I needed to run random subsets of my test suite to narrow down the cause of some mysterious behavior. I didn’t find an existing tool that worked the way I wanted to, so I cobbled something together.

I wanted to run 10 random tests (out of 1368), and keep choosing randomly until I saw the bad behavior. Once I had a selection of 10, I wanted to be able to whittle it down to try to reduce it further.

I tried a few different approaches, and here’s what I came up with, two tools in the coverage.py repo that combine to do what I want:

  • A pytest plugin (select_plugin.py) that lets me run a command to output the names of the exact tests I want to run,
  • A command-line tool (pick.py) to select random lines of text from a file. For convenience, blank or commented-out lines are ignored.

More details are in the comment at the top of pick.py, but here’s a quick example:

  1. Get all the test names in tests.txt. These are pytest “node” specifications:
    pytest --collect-only | grep :: > tests.txt
  2. Now tests.txt has a line per test node. Some are straightforward:
    tests/test_cmdline.py::CmdLineStdoutTest::test_version
    tests/test_html.py::HtmlDeltaTest::test_file_becomes_100
    tests/test_report_common.py::ReportMapsPathsTest::test_map_paths_during_html_report
    but with parameterization they can be complicated:
    tests/test_files.py::test_invalid_globs[bar/***/foo.py-***]
    tests/test_files.py::FilesTest::test_source_exists[a/b/c/foo.py-a/b/c/bar.py-False]
    tests/test_config.py::ConfigTest::test_toml_parse_errors[[tool.coverage.run]\nconcurrency="foo"-not a list]
  3. Run a random bunch of 10 tests:
    pytest --select-cmd="python pick.py sample 10 < tests.txt"
    We’re using --select-cmd to specify the shell command that will output the names of tests. Our command uses pick.py to select 10 random lines from tests.txt.
  4. Run many random bunches of 10, announcing the seed each time:
    for seed in $(seq 1 100); do
        echo seed=$seed
        pytest --select-cmd="python pick.py sample 10 $seed < tests.txt"
    done
  5. Once you find a seed that produces the small batch you want, save that batch:
    python pick.py sample 10 17 < tests.txt > bad.txt
  6. Now you can run that bad batch repeatedly:
    pytest --select-cmd="cat bad.txt"
  7. To reduce the bad batch, comment out lines in bad.txt with a hash character, and the tests will be excluded.
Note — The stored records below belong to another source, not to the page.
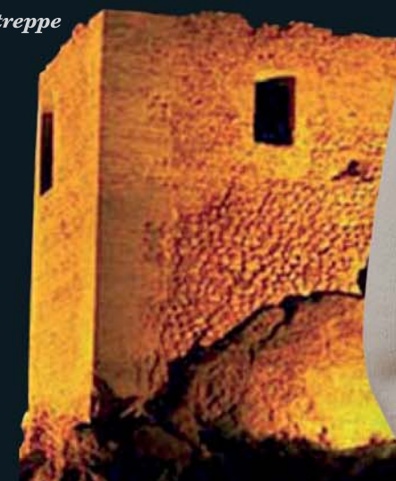
Castillo de Los Vélez

Jeder Winkel von Mazarrón kann Ihnen eine Geschichte erzählen. Die beste Möglichkeit, die Vergangenheit des Ortes kennen zu lernen, ist eine Besichtigung der Fundstätten, Gebäude, Burgen, Kirchen und Museen. Von der Siedlung aus der Kupferzeit in Cabezo del Plomo bis hin zur Punta de los Gavilanes, wo sich noch die Reste der phönizischen Niederlassung aus dem 7.-6. Jahrhundert v. Chr. befinden.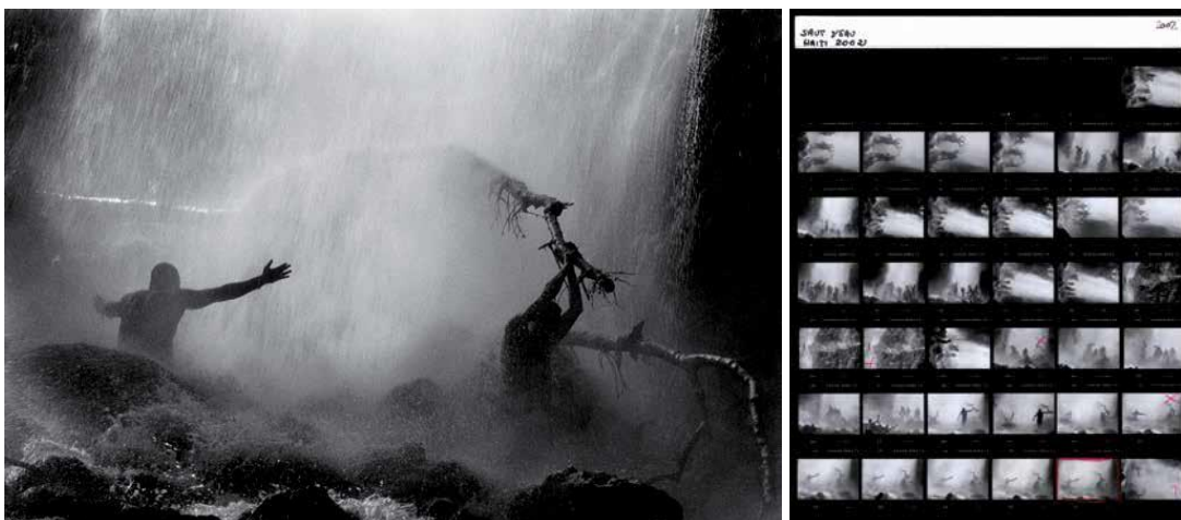
Saut d'Eau. Mirebalais, Haití. Julio 2002

Ya en los 2000 la fotografía digital empezaba a imponerse y, por tanto, las hojas de contacto pasan a convertirse en una reliquia del pasado que aún pervive en el trabajo de algunos fotoperiodistas como es el caso de los presentes en la muestra: Christopher Anderson, Jacob Aue Sobol, Jonas Bendiksen, Thomas Dworzak, Trent Parke, Paolo Pellegrin, David Alan Harvey, Thomas Hoepker, Cristina García Rodero, Alec Soth, Donovan Wylie, Marc Power, Mikhael Subotzky y Jim Godberg.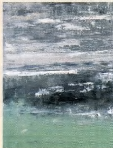
野沢二郎「水際にて」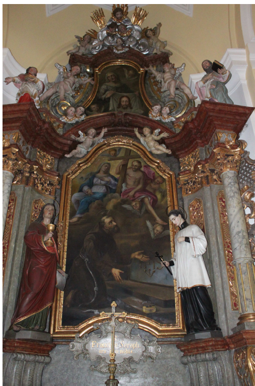
12. Oltář sv. Františka z Assisi, 1761, Frýdek, poutní kostel Navštívení Panny Marie.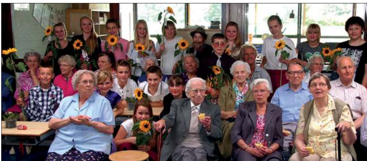
De Zonnebloem afd. Maartensdijk was te gast bij basisschool 't Kompas in Westbroek.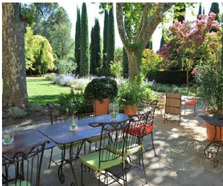
vista de pátio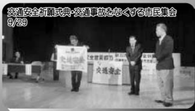
交通安全祈願式典・交通事故をなくする市民集会 9/29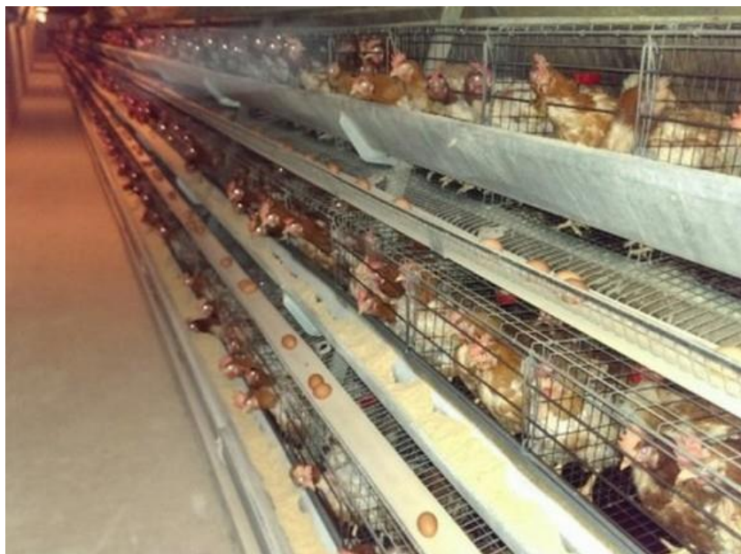
Slika 2. Kavezni način uzgoja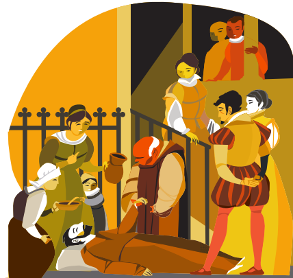
«ЭЛ-РАПТЕ» Однажды вечером, в часовне госпиталя, он впал в беспмятство и на протяжении восьми дней и ночей неподвижно лежал на земле. Это событие стало известно как «эл-рапте», 'духовное иступление'. Именно тогда его посетили видения того, что он должен сделать в будущем.

5. БАЗИЛИКА ЛА-СЕУ Святой Игнатий ходил к мессе в базилику Ла-Сеу, где созерцал образ Богородицы Марс-де-Дей-де-л'Алба. Игнатий просил милостиво и раздавал ее беднякам.

Keep editing until you find the small set of tests you want.

I like that this works and I understand it. I like that it’s based on the bedrock of text files and shell commands. I like that there’s room for different behavior in the future by adding to how pick.py works. For example, it doesn’t do any bisecting now, but it could be adapted to it.

As usual, there might be a better way to do this, but this works for me.

Comments

[gravatar]

Why random, though? Wouldn’t you want to do this in a more controlled fashion, like maybe a binary search, to get to the problem faster?

(I guess because it’s not finding a specific broken test, but a combination of tests which break. I’m still having a hard time coupling “random” with “identify the problem mechanically”, though - maybe permuting the set of tests in combination with binary search?)

[gravatar]

In my case, there was an interaction between tests. I didn’t know what combination would produce the smallest reproducer, and this was quick to implement. Bisecting might have also worked, or some other form of more disciplined subsetting.

[gravatar]

We used pytest-random (which I know see hasn’t been updated in over a decade). I didn’t go with the subset of 10, I just re-ran the entire suite 50 times with a fast fail until I found an order that caused the flaky test to fail.

My command line ended up being poetry run pytest path/to/tests/file.py --timeout=10 --count=50 --random -x

[gravatar]

Random subsets have a chance of repeatedly picking an already tried test; dividing a single random permutation of the sets into disjoint subsets would be more efficient.

You could write files with lists of 10 tests all at once and try them sequentially, or pick.py could have an additional parameter: permute M items according to random seed S and give the Kth set of N items, or less items in the last set.

There are ceil(M/N) sets, and If K> ceil(M/N) it can be considered an error or the permutation could be changed (using e.g. S+(K*N)/M instead of S).

[gravatar]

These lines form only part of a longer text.